Formatting the HTML collection—Tudor
- Open up your tudor collection, go to the Format panel (by clicking on its tab) and select Format Features from the left-hand list. Leave the editing controls at their default value, so that Choose Feature displays All Features and VList is selected as the Affected Component. The text in the HTML Format String box reads as follows:
<td valign=top>[link][icon][/link]</td>
<td valign=top>[ex.srclink]{Or}{[ex.thumbicon],[ex.srcicon]} [ex./srclink]</td>
<td valign=top>[highlight]
{Or}{[dc.Title],[exp.Title],[ex.Title],Untitled}
[/highlight]{If}{[ex.Source],<br><i>([ex.Source])</i>}</td>
This displays something that looks like this:
| A discussion of question five from Tudor Quiz: Henry VIII
(quizstuff.html) |
for a particular document whose Title metadata is A discussion of question five from Tudor Quiz: Henry VIII and whose Source metadata is quizstuff.html.This format appears in the search results list, in the Titles list, and also when you get down to individual documents in the Subjects hierarchy. This is Greenstone's default format statement.
Greenstone's default format statement is complex because it is designed to produce something reasonable under almost any conditions, and also because for practical reasons it needs to be backwards compatible with legacy collections.

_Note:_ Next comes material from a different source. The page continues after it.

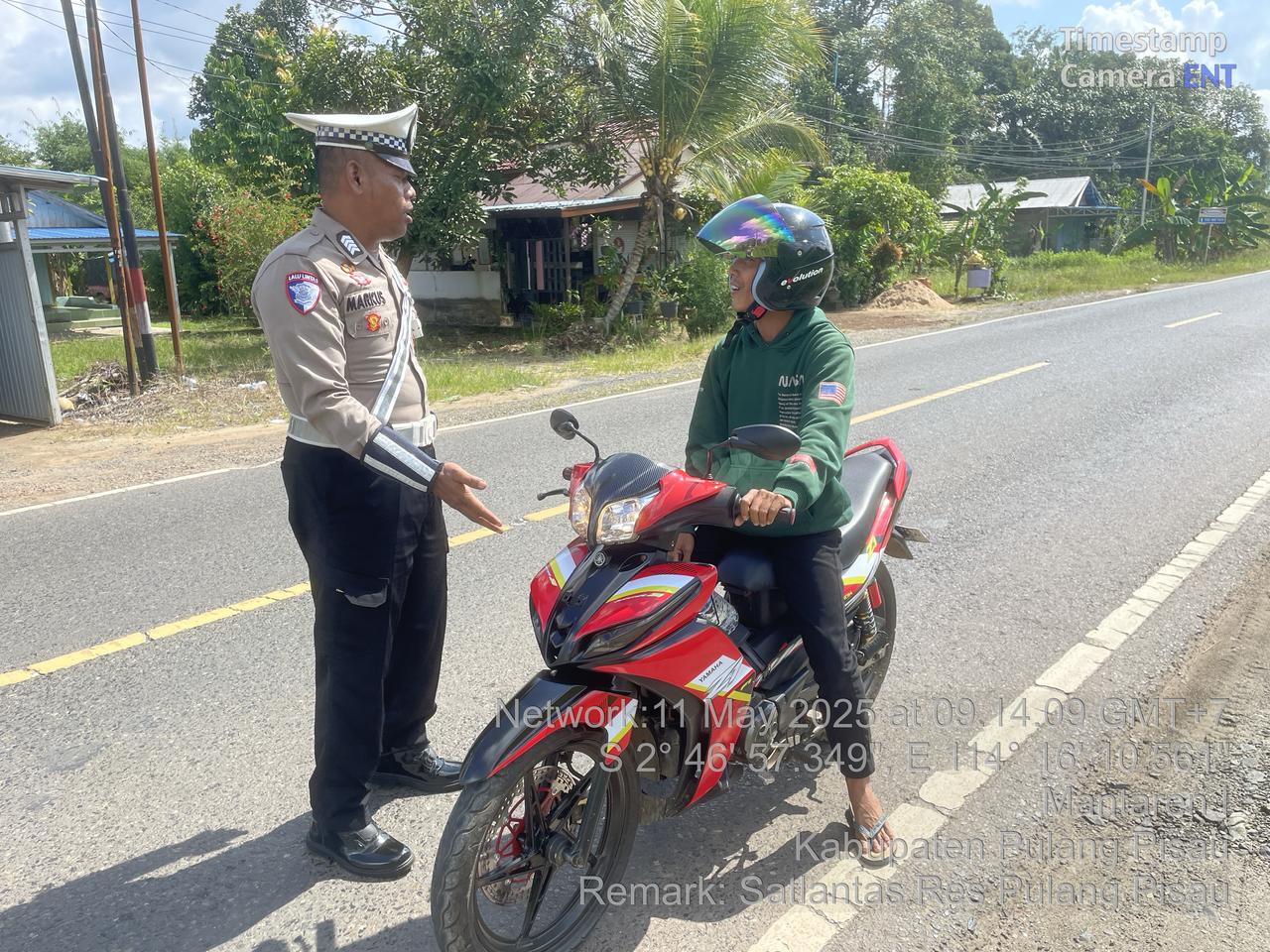 Polres Pulang Pisau – Satuan Lalu Lintas – Personel Satlantas Polres Pulang Pisau memberikan teguran simpatik saat mendapati pengendara motor yang melanggar peraturan berlalu lintas dengan tidak memasang plat nomor motor atau TNKB (Tanda Nomor Kendaraan Bermotor), Minggu (11/5/2025). Pukul 10.00 WIB

- Delete the contents of the HTML Format String box and replace it with this simpler version:
<td>[link][icon][/link]</td>
<td>[ex.Title]<br>
<i>([ex.Source])</i>
</td>
Preview the result (you don't need to build the collection, because changes to format statements take effect immediately). Look at some search results and at the Titles list. They are just the same as before! Under most circumstances this far simpler format statement is entirely equivalent to Greenstone's more complex default.

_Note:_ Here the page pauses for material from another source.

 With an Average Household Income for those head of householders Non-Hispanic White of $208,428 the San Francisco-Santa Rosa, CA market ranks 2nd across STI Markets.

But there's a problem. Beside the bookshelves in the Subjects browser, beneath the subject appears a mysterious "()". What is printed for these bookshelves is governed by the same format statement, and though bookshelf nodes of the hierarchy have associated Title metadata—their title is the name of the metadata value associated with that bookshelf—they do not have ex.Source metadata, so it comes out blank.
- In the Format Features section of the Format panel, the Choose Feature menu (just above Affected Component menu) displays All Features. That implies that the same format is used for the search results, titles, and all nodes in the subject hierarchy—including internal nodes (that is, bookshelves). The Choose Feature menu can be used to restrict a format statement to a specific one of these lists. We will override this format statement for the hierarchical subject classifier. In the Choose Feature menu, scroll down to the item that says
CL2: Hierarchy -metadata dc.Subject and Keywords
and select it. This is the format statement that affects the second classifier (i.e., "CL2"), which is a Hierarchy classifier based on dc.Subject and Keywords metadata.Click <Add Format> to add this format statement to the collection.Edit the HTML Format String box below to read
<td>[link][icon][/link]</td>
<td>[ex.Title]</td>
-
Preview the Subjects list in the collection. First, the offending "()" has disappeared from the bookshelves. Second, when you get down to a list of documents in the subject hierarchy, the filename does not appear beside the title, because ex.Source is not specified in the format statement and this format statement applies to all nodes in the subject classifier. Note that the search results and titles lists have not changed: they still display the filename underneath the title.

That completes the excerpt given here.